Another factor is the ability to be on the outside, to be the one who is different, and to be the one who most people, at least in the United States, aren’t comfortable with. If you are an atheist sitting in a pew and have never told anyone, you are hardly going to convince another woman to leave the church. You are even less likely to take an active role in an atheist organization. It’s not easy getting the stares and comments when you announce you are an atheist. For some atheists, like ex-Muslim Ayaan Hirsi Ali, there are even threats to their lives. It is also not easy to take on the role of an outspoken atheist if you don’t already have a platform. When I wrote my first book, I had never participated in an atheist organization and had never published a book. I can assure you that it is an uphill battle.

Leadership also plays a role. Let’s face it, with only 5% of CEOs of Fortune 500 companies headed by women and no woman president… yet, women are not always seen as the ones to stick their necks out and take the plunge. I remember an incident that occurred when I was in graduate school at the University of Wisconsin, Madison. The Teaching Assistants were an organized local of the American Federation of Teachers when we went on strike against the University. During the strike, the women teaching assistants announced a meeting of women TA’s. During that meeting, a woman stood up and said, “We need to pick a spokesperson to represent us at the membership meetings.” I was astounded and answered, “Do you think the guys are picking spokespersons? We ALL need to speak up at the meetings and share our views, just like the guys.” Here was a highly-educated set of women who just didn’t get it. Yes, it was a long time ago, but life hasn’t changed that much.

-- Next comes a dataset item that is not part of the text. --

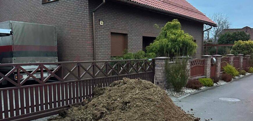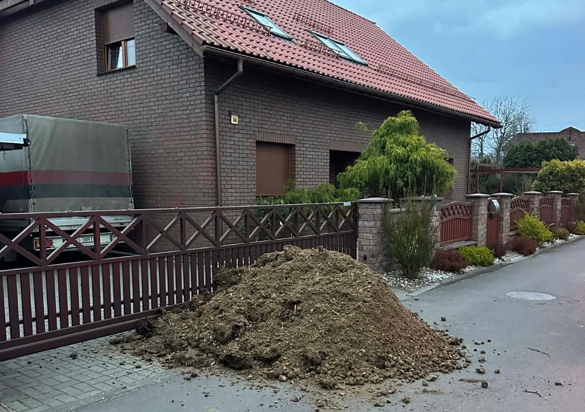 Wielka kupa nawozu została wyrzucona przed domem radnego Dariusza Painty. Dlaczego? Na sesji Rady Miasta odrzucony został Miejscowy Plan Zagospodarowania Przestrzennego dla Dąbrówki Wielkiej w rejonie ulicy Szybowej. Za przyjęciem planu głosowało 10 radnych, przeciwko było 11. Dokument został odrzucony i nie wszystkim się to podoba.

Finally, many church communities provide a social safety net for members of their congregation. Sikivu Hutchinson has written extensively about this issue in her book, Moral Combat, as well as other works. According to research by the Washington Post-Kaiser Family Foundation, 87% of African-American women said that religion was “very important” in their lives. That compares to 79% of African-American men, 66% of white women, and 51% of white men.[6] When the parents of an African-American decide not to take their children to church, Hutchinson notes that “female relatives and neighbors often volunteer to escort children of non-practicing parents to church.”[7] Stressing the support the church communities often provide to families, she states, “With blacks comprising 25% of the nation’s poor, only economic justice can truly redress the cult of religiosity in African American communities.”[8]

These are just a few of the reasons that men outnumber women in the atheist “movement.” But we can overcome these obstacles and create a more balanced voice for atheism. Wendy Marsman has started a podcast, Women Beyond Belief. She interviews women who have left religion. If you are a woman atheist, please consider speaking to her. She can be contacted at www.womenbeyondbelief.com. The more voices we have the more likely we are to attract more women. Remember, Rome wasn’t built in a day.